Parola d’ordine? Multidisciplinarietà, perché la tecnica combacia con l’opera, il significante che svela il significato, il guscio che racchiude il nocciolo duro ma, allo stesso tempo, l’opera d’arte non può essere ridotta a una definizione. I 7 artisti spaziano dal disegno all’assemblaggio, dall’installazione alla pittura monocroma, dal neon all’uso della parola: alla fine, ciò che risulta è un oggetto/scultura contaminato da parola e disegno e con uno spiccato carattere narrativo; un complesso di elementi che ruotano intorno a un cardine o un nucleo che disperde nello spazio la sua aura ma che non coincide con l’ampiezza tentacolare e contaminatoria dell’installazione.
La mostra sarà visitabile fino al 30 aprile presso la nuova sede del Contemporary Cluster. Gli artisti, scelti dal curatore Lorenzo Bruni – direttore di The Others, fiera torinese dedicata agli spazi indipendenti –, mostrano degli elementi comuni. Sono la predilezione della parola come dell’oggetto quotidiano, soprattutto ogni opera si rivela capsula temporale. Il tema del tempo torna in diverse maniere: la sua rappresentazione, la sua condivisione, il pensiero legato al suo inesorabile trascorrere.
Inoltre, l’esposizione è utile, come sostiene il curatore, a “individuare una certa tendenza dell’arte italiana nata, a partire dagli anni ’80 e ‘90, di confrontarsi e reagire alla cultura del post-moderno e dell’onda lunga della pittura figurativa espressionista diffusasi in quel periodo, ma anche rispetto alla successiva proposta neo-concettuale”.






Citiamo alcune opere rappresentative di questo approccio.
Il Tavolo maghi di Cuoghi Corsello presenta delle modellazioni scultoree in argilla che si seccano mano a mano che l’acqua evapora. Letizia Cariello dispone un Altarino quantico con delle spine di rosa e altri elementi che può, volendo, accogliere altri oggetti depositati sulla sua superficie dai fruitori.
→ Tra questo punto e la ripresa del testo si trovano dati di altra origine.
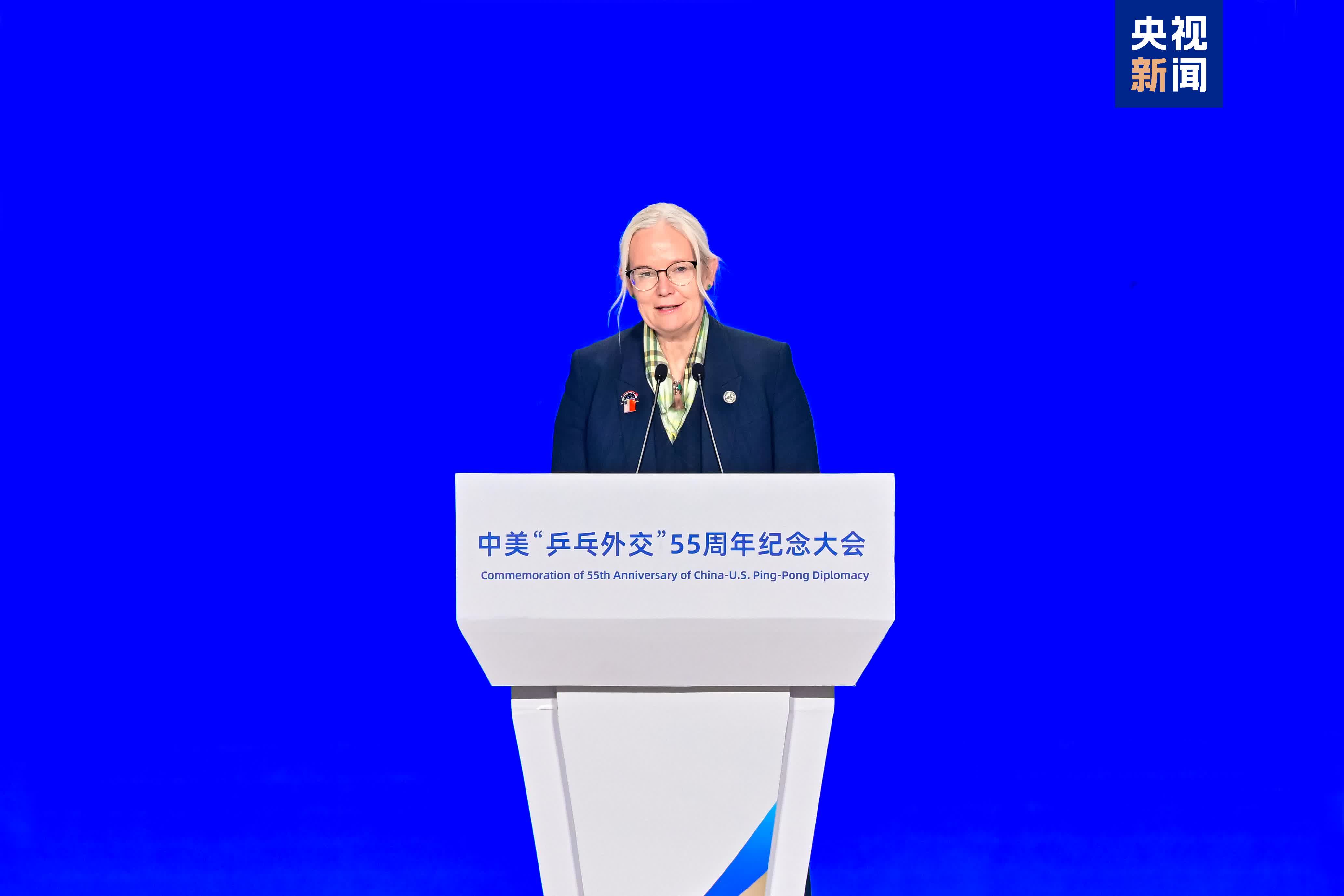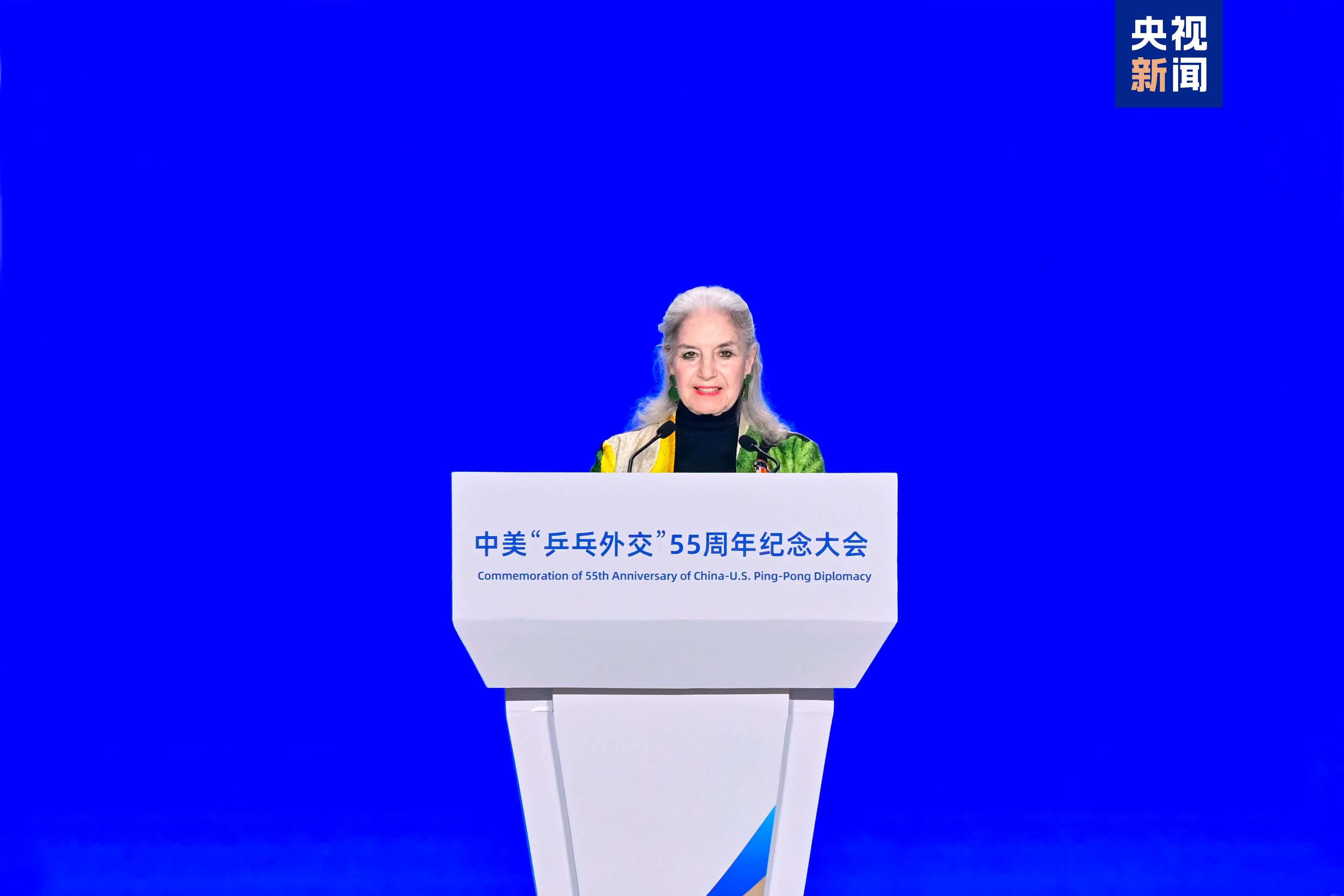 中宣部副部長、中央廣播電視總台台長慎海雄致辭時說,習近平主席的賀信是對我們深化中美友誼、開展交流合作的重要指引,必將激勵我們為推動中美關係穩定、健康、可持續發展作出新貢獻。55年前,一次春天的到訪,重新開啟兩國人民友好往來的大門。55年後的今天,「乒乓外交」蘊含的政治智慧和戰略遠見,愈發彰顯出以對話代替對抗、以善意化解隔閡的力量。中央廣播電視總台堅持從歷史中汲取智慧和力量,推動中美人民在交流合作中相知相親、在互學互鑒中攜手前行,共同拉緊友誼紐帶。我們以文化為媒,做中美人文交流的「傳播者」;以科技為帆,做創新技術合作的「推動者」;以交流為橋,做中美友好事業的「耕耘者」。站在中國「十五五」開局的新起點上,總台願與各界朋友發揚「同球共濟」精神,為推動構建人類命運共同體貢獻更多力量,讓中美友誼之樹茁壯成長。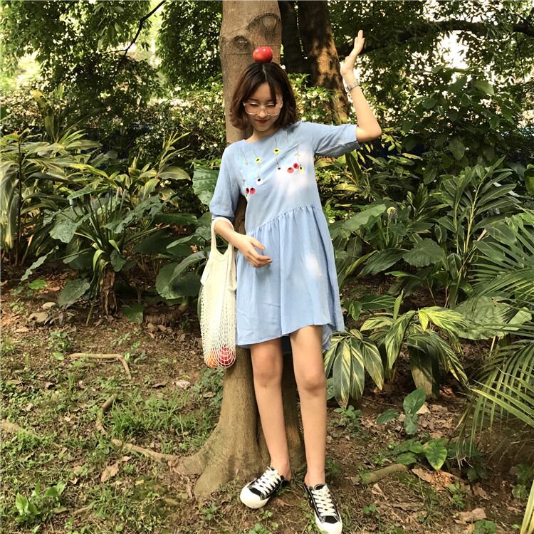 ガーリーな花刺繍のナチュラル系タックワンピです♡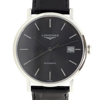 Silver-tone stainless steel case with a black leather strap. Fixed silver-tone stainless steel bezel. Grey dial with silver-tone hands and index hour markers. Dial Type: Analog. Date display at the 3 o'clock position. Longines Calibre L619 Automatic movement, based upon ETA 2892-A2, containing 21 Jewels, bitting at 28800 vph, and has a power reserve of approximately 42 hours. Scratch resistant sapphire crystal. Pull / push crown. Transparent case back. Round case shape, case size: 37 mm. Buckle clasp. Water resistant at 30 meters / 100 feet. Functions: date, hour, minute, second. Additional Info: original box, international warranty card, manual (complete accessories). Elegant Series. Luxury watch style. Watch label: Swiss Made. Longines Elegant Grey Dial Men's Watch L4.810.4.72.2.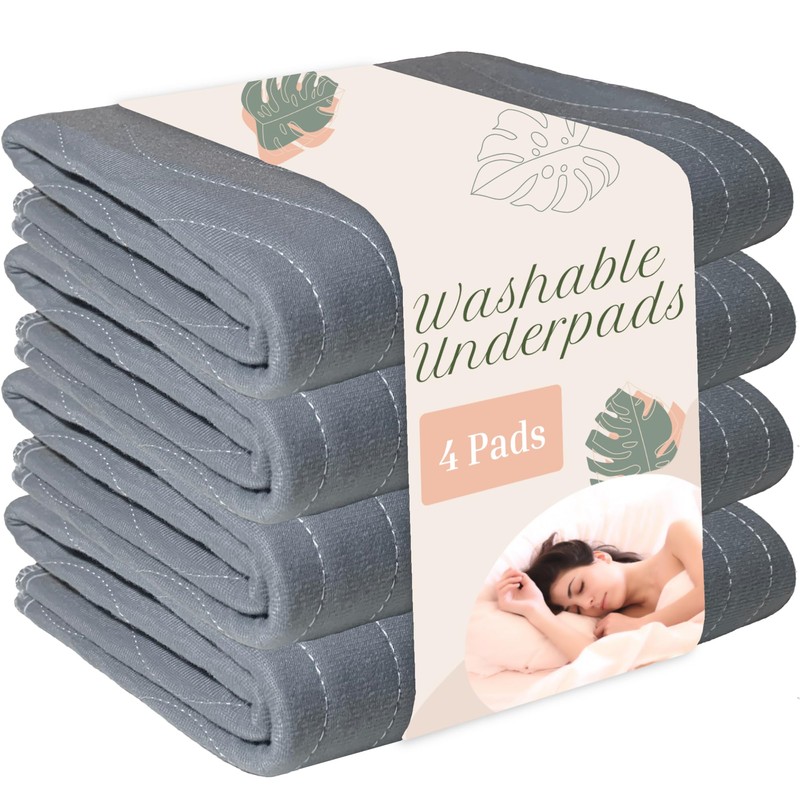 Washable Underpads 31" x 36" (Pack of 4) Incontinence Bed Pads, for Kids, Adults, Elderly and Pets, Heavy Absorbency, Waterproof, Reusable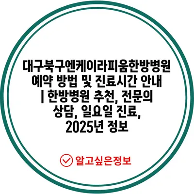 대구북구엔케이라피움한방병원 예약 방법 및 진료시간 안내 | 한방병원 추천, 전문의 상담, 일요일 진료, 2025년 정보

Pietro Fortuna con Weekend dispone un modellino di roulotte con davanti un modellino di vettura trainante su una roccia creando immediatamente nella testa di chi guarda un cortocircuito di associazioni. Eugenio Giliberti scompone la poesia di Leopardi attraverso delle caselle cromatiche, facendo corrispondere a ogni lettera un colore. Vittorio Corsini scioglie la grafia nel neon rosa Carezze mentre Maurizio Donzelli usa la linea per restituire un’idea di rete neurale e relazionale. Vittorio Messina con Lo scranno di San Gerolamo omaggia il dipinto di Antonella Messina, San Girolamo nello studio. Eppure, nessuno siede più chinando la testa sui libri come se la conoscenza fosse qualcosa che vogliamo acquisire istantaneamente, senza fatica. Nelle opere “monologo interiore”, invece, parte dall’Ulisse di James Joyce, ne estrapola alcune frasi come “una pupilla acquosa di grembo di donna spiava di sotto una siepe di ciglia tranquillamente in ascolto si vede la vera bellezza degli occhi quando non parla”. Incollando le parole l’una all’altra su una superficie specchiante, l’artista restituisce il flusso di coscienza dell’individuo insieme all’immagine cangiante di Narciso.